Each time something occurs at a college campus – from speeches some dislike, to teaching things that much of the world views as nuts, to shutting down campus functions, protests and riots -those involved point to “academic freedom” to justify actions that the rest of us would get in trouble for.
Academic freedom can result in a disparity in who gets to say what – some academics have protections to promote issues – while those opposed (the general public) may have no such protections. This creates an asymmetry in public dialogue.
Rather than freedom for everyone, we have freedoms specified for a specific group: academics.
FAQs on Academic Freedom | AAUP
The academic freedom of faculty members consists of four interrelated elements:
- Teaching: freedom to discuss all relevant matters in the classroom;
- Research: freedom to explore all avenues of scholarship, research, and creative expression and to publish the results of such work;
- Intramural speech: freedom from institutional censorship or discipline when addressing matters of institutional policy or action; and
- Extramural speech: freedom from institutional censorship or discipline when speaking or writing as citizens.
The effect is many academics have freedoms the rest of us do not have. They have the freedom to say hurtful things and to promote issues that may be harmful to us – but if any of us did this – or even attempt to reply to their speech, we could lose our jobs because the private sector has no speech protections.
The concept of academic freedom applies only to faculty members – the AAUP acknowledges this disparity. Others, even those who work at academic institutions do not have the same protections:
How does academic freedom apply to extramural speech?
This is arguably the most controversial and most challenged aspect of academic freedom, as it does not necessarily relate to disciplinary expertise. AAUP policy calls for faculty members to be free from institutional censorship or discipline when they speak or write as citizens, but faculty members’ special position imposes special obligations. When speaking on public matters, faculty members should strive to be accurate, should exercise appropriate restraint, should show appropriate respect for the opinions of others, and should make every effort to indicate that they are not speaking for the institution.
Who has academic freedom? Is it an unlimited right?
Academic freedom in the AAUP’s definition applies to faculty members; it is a professional right extended to members of the profession and is subject to certain limitations. Academic freedom means that faculty are free to engage in the professionally competent forms of inquiry and teaching that are necessary for the purposes of the university. It does not mean that individual faculty members are free to teach or publish whatever they want without repercussions.
An effect of this is that academics can say things that members of the public may not be able to respond to, because they do not have the same perceived “freedoms” – and might lose their jobs, unlike the academics.
This results potentially in biased public discourse – academics, who may have tenure job guarantees (only teachers and Federal judges have access to tenure) have the freedom to promote issues that may not be in the interests of the general public. But the general public does not have the same freedom to respond to those promotional efforts.

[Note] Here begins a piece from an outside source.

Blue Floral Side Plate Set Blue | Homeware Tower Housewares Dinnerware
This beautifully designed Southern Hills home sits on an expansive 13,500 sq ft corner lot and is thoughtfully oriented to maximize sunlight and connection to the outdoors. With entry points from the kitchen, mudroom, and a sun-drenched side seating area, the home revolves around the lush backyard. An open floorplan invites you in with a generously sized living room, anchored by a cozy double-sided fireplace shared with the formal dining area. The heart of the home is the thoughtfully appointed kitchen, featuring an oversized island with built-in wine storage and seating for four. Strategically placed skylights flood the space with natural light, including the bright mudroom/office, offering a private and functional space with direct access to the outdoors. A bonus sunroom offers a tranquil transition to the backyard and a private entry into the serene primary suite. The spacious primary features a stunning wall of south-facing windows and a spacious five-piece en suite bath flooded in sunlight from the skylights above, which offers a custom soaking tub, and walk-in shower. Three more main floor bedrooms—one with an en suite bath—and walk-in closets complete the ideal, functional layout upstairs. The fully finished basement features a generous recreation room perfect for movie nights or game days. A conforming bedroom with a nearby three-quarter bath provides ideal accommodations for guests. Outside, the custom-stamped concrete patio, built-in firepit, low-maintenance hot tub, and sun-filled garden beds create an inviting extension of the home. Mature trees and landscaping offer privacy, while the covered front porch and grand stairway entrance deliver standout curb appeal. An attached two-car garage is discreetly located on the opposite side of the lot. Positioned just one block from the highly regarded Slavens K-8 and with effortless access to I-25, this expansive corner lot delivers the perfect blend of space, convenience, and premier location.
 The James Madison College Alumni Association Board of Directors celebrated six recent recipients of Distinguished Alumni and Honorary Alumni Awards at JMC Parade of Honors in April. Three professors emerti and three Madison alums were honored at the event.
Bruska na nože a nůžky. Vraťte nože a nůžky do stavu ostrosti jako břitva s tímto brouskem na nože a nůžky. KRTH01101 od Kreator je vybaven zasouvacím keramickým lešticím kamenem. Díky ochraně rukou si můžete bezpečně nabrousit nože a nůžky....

Related: In my state, public employees are granted free speech rights that do not apply to the private sector. Specifically, no public sector worker can receive work related feedback regarding the employee’s political activities. Private sector workers have no such protection. A possible result is that public sector workers can promote issues for which private sector workers might not be able to form a response (without getting in trouble).

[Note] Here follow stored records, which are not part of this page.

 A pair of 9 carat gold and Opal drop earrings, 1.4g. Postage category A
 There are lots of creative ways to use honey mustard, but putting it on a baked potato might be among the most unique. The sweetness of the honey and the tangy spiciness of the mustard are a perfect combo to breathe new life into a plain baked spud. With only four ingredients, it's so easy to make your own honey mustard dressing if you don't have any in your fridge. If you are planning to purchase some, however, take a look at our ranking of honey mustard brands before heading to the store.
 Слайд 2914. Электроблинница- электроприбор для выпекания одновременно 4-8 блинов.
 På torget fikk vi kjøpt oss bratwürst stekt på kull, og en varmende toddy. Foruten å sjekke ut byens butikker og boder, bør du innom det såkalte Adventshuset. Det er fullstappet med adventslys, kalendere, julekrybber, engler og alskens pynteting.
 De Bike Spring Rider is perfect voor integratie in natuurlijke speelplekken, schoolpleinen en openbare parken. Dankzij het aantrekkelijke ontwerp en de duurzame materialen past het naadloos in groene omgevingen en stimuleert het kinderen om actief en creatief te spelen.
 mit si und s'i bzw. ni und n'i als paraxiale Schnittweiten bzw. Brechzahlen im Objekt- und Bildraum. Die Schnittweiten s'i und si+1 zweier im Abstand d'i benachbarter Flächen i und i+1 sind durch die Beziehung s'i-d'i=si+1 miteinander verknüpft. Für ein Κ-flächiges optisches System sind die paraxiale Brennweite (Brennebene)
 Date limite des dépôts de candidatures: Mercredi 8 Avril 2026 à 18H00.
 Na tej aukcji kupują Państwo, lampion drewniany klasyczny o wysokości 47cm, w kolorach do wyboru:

The AAUP justifies this with an appeal to authority – academics are smarter and more important than you:
Those teaching and researching in higher education need academic freedom because the knowledge produced and disseminated in colleges and universities is critical for the development of society and for the health of a democracy, an idea often expressed by the phrase “for the common good” or “for the public good.” The common good depends upon the free search for truth and should not be guided by the desires of wealthy donors, by partisan political aims, by religious institutions, or by the desire not to offend.

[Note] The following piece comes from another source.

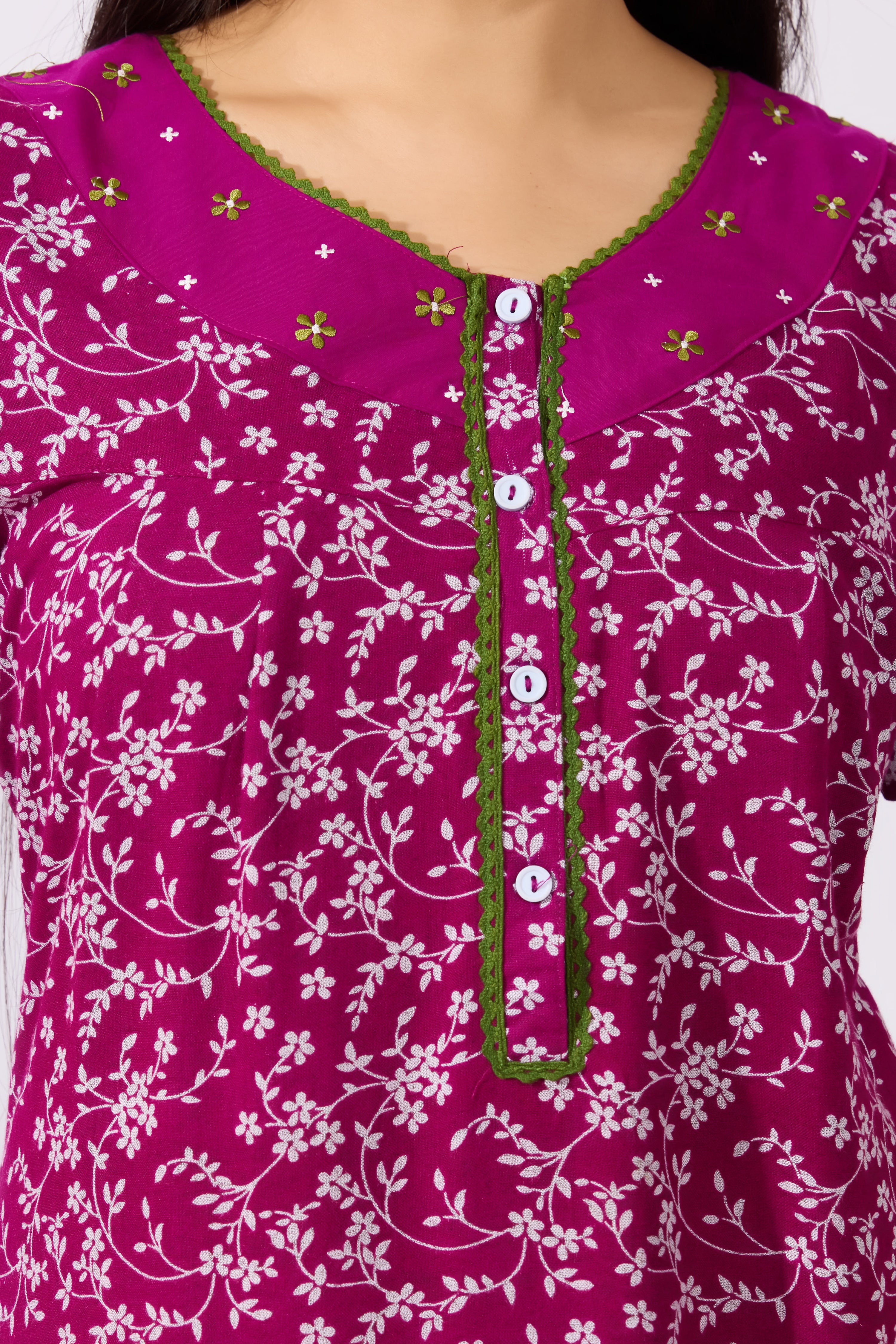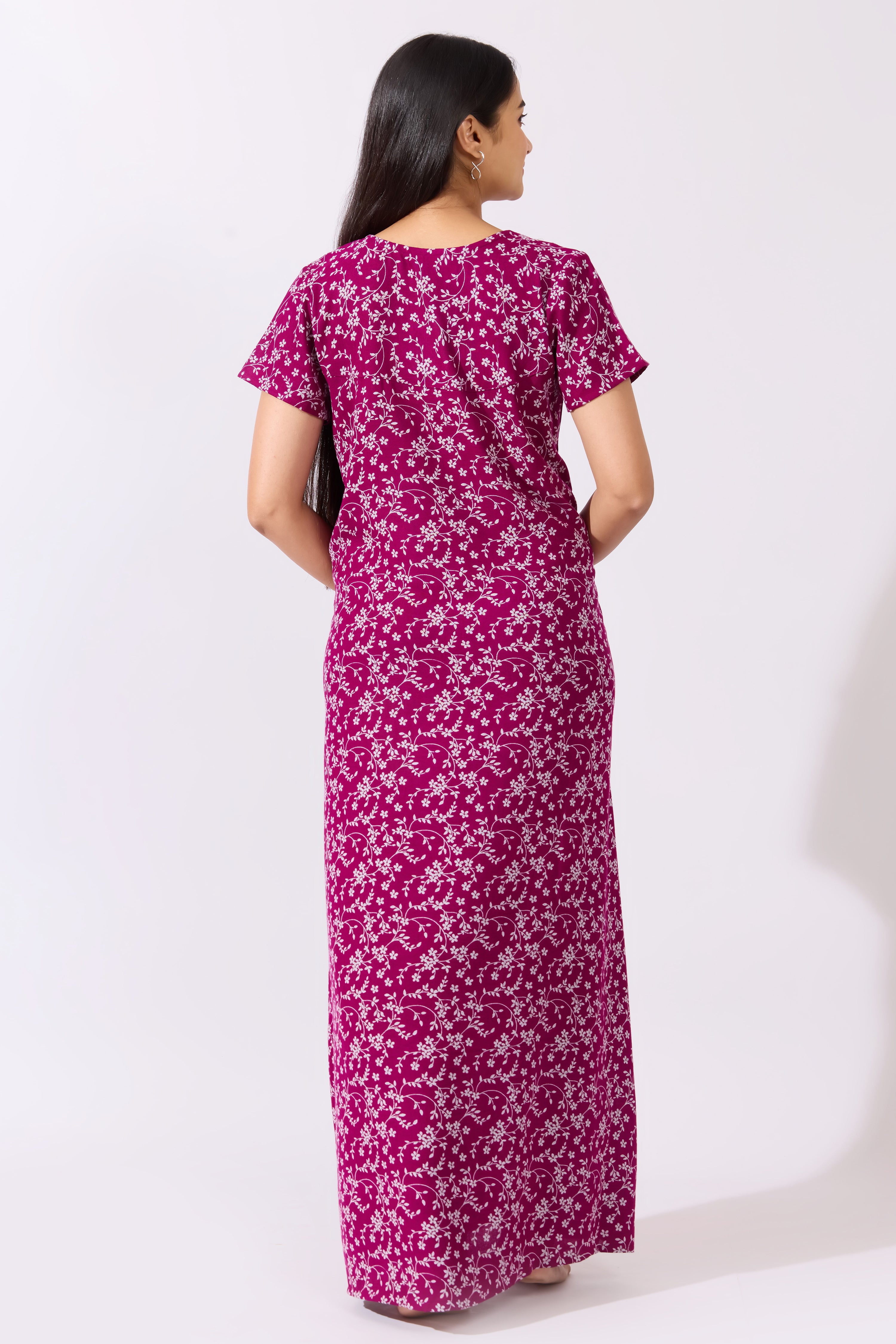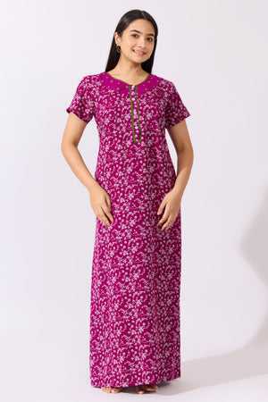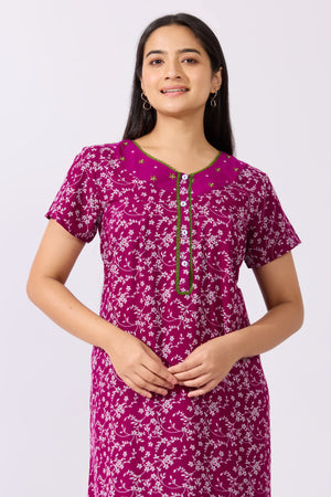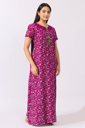 Ditsy Floral Printed Purple Nighty with Front Open Button

A corollary is that those not in academics, and not producing knowledge “critical for the development of society and for the health of a democracy” should not and do not have the same protections, creating a bias in public discourse.
I and likely many of us get why the concept of academic freedom is important – but how do we reconcile that academic freedom appears to give academics more freedoms to express viewpoints than the freedom allotted to the general public?
We end up with Animal Farm’s “All are equal but some are more equal than others”.
Is their a solution to this?
Academic freedom comes up from time to time – in the past year, especially, in response to protests over Gaza and Israel – but was used to justify activities that were direct threats to Jews on U.S. campuses. If similar threats were made to members of other “minority” groups (Blacks, Hispanics, Asians, etc) those threats would not have been tolerated.
See also UChicago PozenReports_01_AcademicFreedom.pdf
The First Amendment is meant to prevent the government from limiting what any citizen can say. Academic freedom, by contrast, is meant to protect the government (or anyone else) from meddling with how citizens in one specific category—academics—about the collective enterprise of seeking the truth. In a free speech framework, all views are inherently equal.
The very definition – right there – is that academics are a special category for protected speech.
The paper goes on to assert a “human right” for academics to pursue topics that would get them in trouble (noting the example of international academics in the U.S. promoting anti-US agenda items). Academics could do this, but other people who are not academics would not have the same freedom. In effect, this is an “appeal to authority” argument in favor of academics.
(I am in favor of academic freedom – but for all. That’s the issue. Without matching freedoms, public discourse will always be biased in favor those who work as academics.)